【国内患者20万以上】「潰瘍性大腸炎」治療の未来 【持病を生きる】20万人もいるのに「指定難病」
佐々木:僕の場合は、幸いなことに、潰瘍性大腸炎を発症したのが20年前で、お医者さんに通うしか方法がなかった。公言するような雰囲気でなかったし、隠者のように病院に通って治療にあたりました。自分であれこれ判断せず、すぐに通院したのが幸いしたのかもしれません。
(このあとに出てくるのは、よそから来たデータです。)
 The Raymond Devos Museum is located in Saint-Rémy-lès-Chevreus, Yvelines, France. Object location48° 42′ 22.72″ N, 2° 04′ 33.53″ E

もちろん、ネットでいろいろ調べたことはありますよ。2010年くらいからかな。でも、著名なメディアに載っていることでさえ、何を信じていいかわからなかった。ガンなんかもそうかもしれませんが、「病院で言われること」より「極端な民間療法」を信じてしまい、病状を悪化させてしまうようなケースを聞くと、胸が痛みます。
「標準医療」がもたらす「誤解」が危ない
土屋:ネットなどの情報を鵜吞みにして通院の間隔が空いてしまう患者さんは、残念ですが、一定数います。そうやって治療のレールから外れてしまった患者さんを元に戻すためにも、我々医師の側も「情報発信力」を高めないといけませんね。
佐々木:「標準医療」って言葉があるじゃないですか。あの言葉がよくないんじゃないかという指摘もあります。
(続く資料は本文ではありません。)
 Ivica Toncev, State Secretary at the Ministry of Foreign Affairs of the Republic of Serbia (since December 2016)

スティーブ・ジョブズなどが有名ですが、「富裕層の人は『標準医療』じゃない『何か特別なお金持ち向けの医療』がある」と勘違いしている人が多くて。
そういう世界を信じてしまい、ガンになっても放射線治療などを受けずに、「特殊な民間療法」にハマってしまったりする。それも高額で効果が喧伝されているようなものではないことが大半でしょう。
本来、「標準医療」というのは、「平凡な一般人向けの医療」という意味ではなくて、「現時点で科学的に最善な方法」と考えられておよそ間違いのないものですよね。そこの「認識のズレ」が、医学会と一般社会の間にあるように思えてなりません。
土屋:我々の感覚からすると、「標準医療」というのは「いくつかの治療法があって、その中で今の患者さんに合っているもの」ということだと思うんです。
潰瘍性大腸炎でいうと、まだその検査で、どのお薬を使うのがよいか、教科書的に定まっていない面もあります。そこはこれから煮詰めていかなくてはなりませんね。